BEGIN

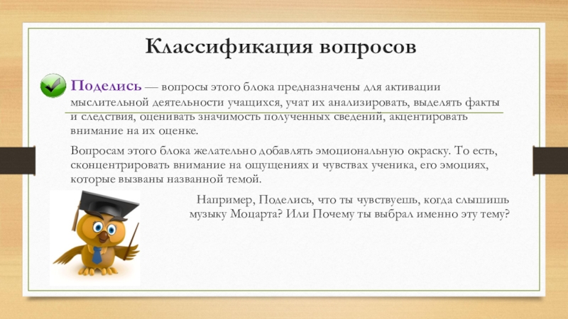 Вопросам этого блока желательно добавлять эмоциональную окраску. То есть, сконцентрировать внимание на ощущениях и чувствах ученика, его эмоциях, которые вызваны названной темой.
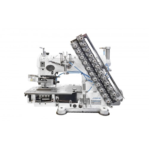 Промышленная швейная машина Jack JK-8009VCDII-12064P/UTL (комплект) - это 12-ти игольная машина с автоматикой для втачивания резинки в пояс брюк. Она оснащена приспособлением для передней натяжки пояса и встроенным серводвигателем с плавной регулировкой скорости.
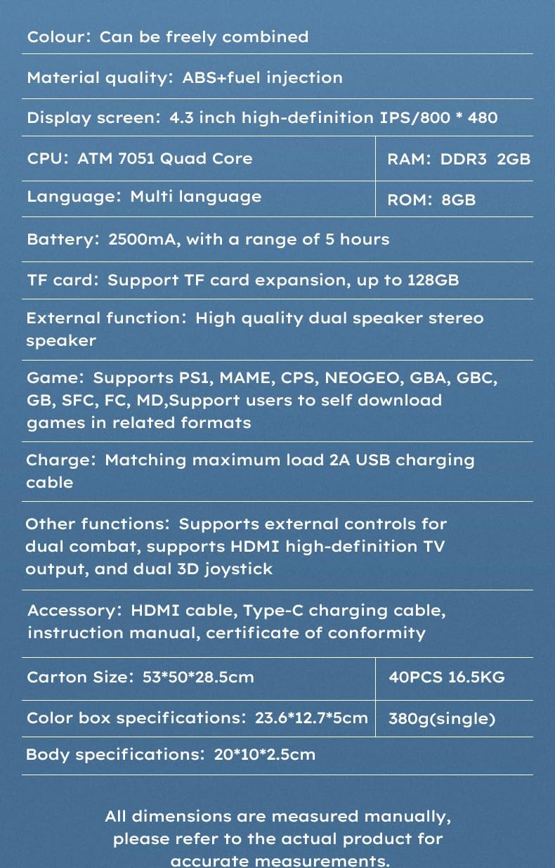 Package contain– 1 pc hand game , 1 usb cable , 1 HDMI and user manual

END

(Task directions) Give back each line above verbatim, dropping every picture.

(Reply to the task)
 Вопросам этого блока желательно добавлять эмоциональную окраску. То есть, сконцентрировать внимание на ощущениях и чувствах ученика, его эмоциях, которые вызваны названной темой.
 Промышленная швейная машина Jack JK-8009VCDII-12064P/UTL (комплект) - это 12-ти игольная машина с автоматикой для втачивания резинки в пояс брюк. Она оснащена приспособлением для передней натяжки пояса и встроенным серводвигателем с плавной регулировкой скорости.
 Package contain– 1 pc hand game , 1 usb cable , 1 HDMI and user manual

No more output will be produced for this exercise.